On 6/9/23 8:52 AM, Daniel Borkmann wrote:
On 6/9/23 2:29 AM, Toke Høiland-Jørgensen wrote:
Stanislav Fomichev <sdf@xxxxxxxxxx> writes:
On 06/08, Andrii Nakryiko wrote:
On Thu, Jun 8, 2023 at 2:52 PM Stanislav Fomichev <sdf@xxxxxxxxxx> wrote:
On 06/08, Andrii Nakryiko wrote:
On Thu, Jun 8, 2023 at 10:24 AM Stanislav Fomichev <sdf@xxxxxxxxxx> wrote:
On 06/07, Daniel Borkmann wrote:
This adds a generic layer called bpf_mprog which can be reused by different
attachment layers to enable multi-program attachment and dependency resolution.
In-kernel users of the bpf_mprog don't need to care about the dependency
resolution internals, they can just consume it with few API calls.

The initial idea of having a generic API sparked out of discussion [0] from an
earlier revision of this work where tc's priority was reused and exposed via
BPF uapi as a way to coordinate dependencies among tc BPF programs, similar
as-is for classic tc BPF. The feedback was that priority provides a bad user
experience and is hard to use [1], e.g.:

   I cannot help but feel that priority logic copy-paste from old tc, netfilter
   and friends is done because "that's how things were done in the past". [...]
   Priority gets exposed everywhere in uapi all the way to bpftool when it's
   right there for users to understand. And that's the main problem with it.

   The user don't want to and don't need to be aware of it, but uapi forces them
   to pick the priority. [...] Your cover letter [0] example proves that in
   real life different service pick the same priority. They simply don't know
   any better.
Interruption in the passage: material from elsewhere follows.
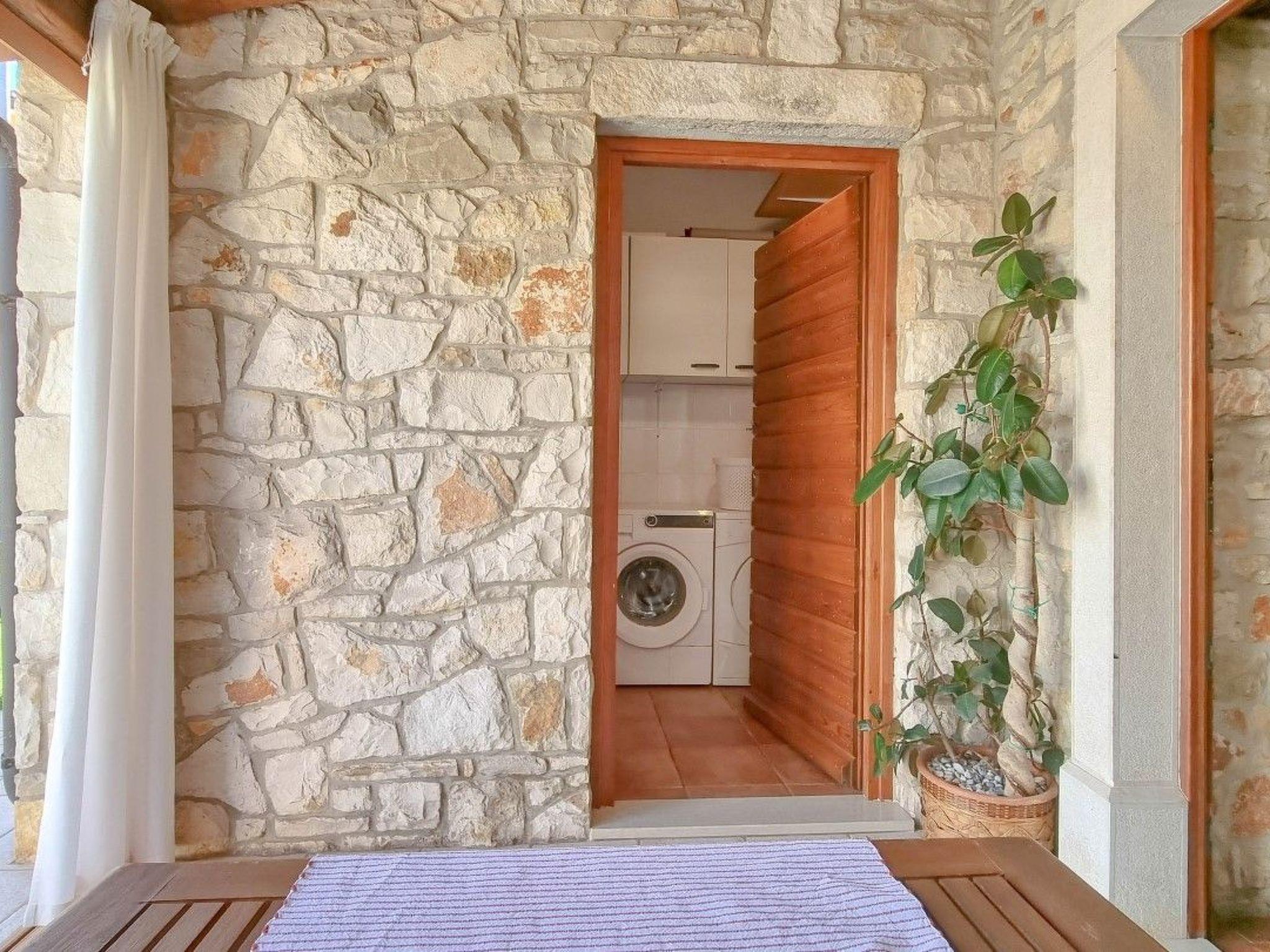 The house's prime location places you in the heart of Istrien's enchanting atmosphere, with the beach merely 100 meters away, inviting for sun-soaked days and relaxing swims in the sea. For the adventurers, water sports are available within a short 700-meter stroll. The nearest town center, just 200 meters from your doorstep, offers a glimpse into the local life with its array of shops, restaurants, and cafés, ensuring your stay is as leisurely or as lively as you wish. Moreover, the convenience of having a grocery store within the same proximity allows for easy access to all your essentials.

Priority is an unnecessary magic that apps _have_ to pick, so
   they just copy-paste and everyone ends up using the same.

The course of the discussion showed more and more the need for a generic,
reusable API where the "same look and feel" can be applied for various other
program types beyond just tc BPF, for example XDP today does not have multi-
program support in kernel, but also there was interest around this API for
improving management of cgroup program types. Such common multi-program
management concept is useful for BPF management daemons or user space BPF
applications coordinating about their attachments.

Both from Cilium and Meta side [2], we've collected the following requirements
for a generic attach/detach/query API for multi-progs which has been implemented
as part of this work:

   - Support prog-based attach/detach and link API
   - Dependency directives (can also be combined):
     - BPF_F_{BEFORE,AFTER} with relative_{fd,id} which can be {prog,link,none}
       - BPF_F_ID flag as {fd,id} toggle
       - BPF_F_LINK flag as {prog,link} toggle
       - If relative_{fd,id} is none, then BPF_F_BEFORE will just prepend, and
         BPF_F_AFTER will just append for the case of attaching
       - Enforced only at attach time
     - BPF_F_{FIRST,LAST}
       - Enforced throughout the bpf_mprog state's lifetime
       - Admin override possible (e.g. link detach, prog-based BPF_F_REPLACE)
   - Internal revision counter and optionally being able to pass expected_revision
   - User space daemon can query current state with revision, and pass it along
     for attachment to assert current state before doing updates
   - Query also gets extension for link_ids array and link_attach_flags:
     - prog_ids are always filled with program IDs
     - link_ids are filled with link IDs when link was used, otherwise 0
     - {prog,link}_attach_flags for holding {prog,link}-specific flags
   - Must be easy to integrate/reuse for in-kernel users

The uapi-side changes needed for supporting bpf_mprog are rather minimal,
consisting of the additions of the attachment flags, revision counter, and
expanding existing union with relative_{fd,id} member.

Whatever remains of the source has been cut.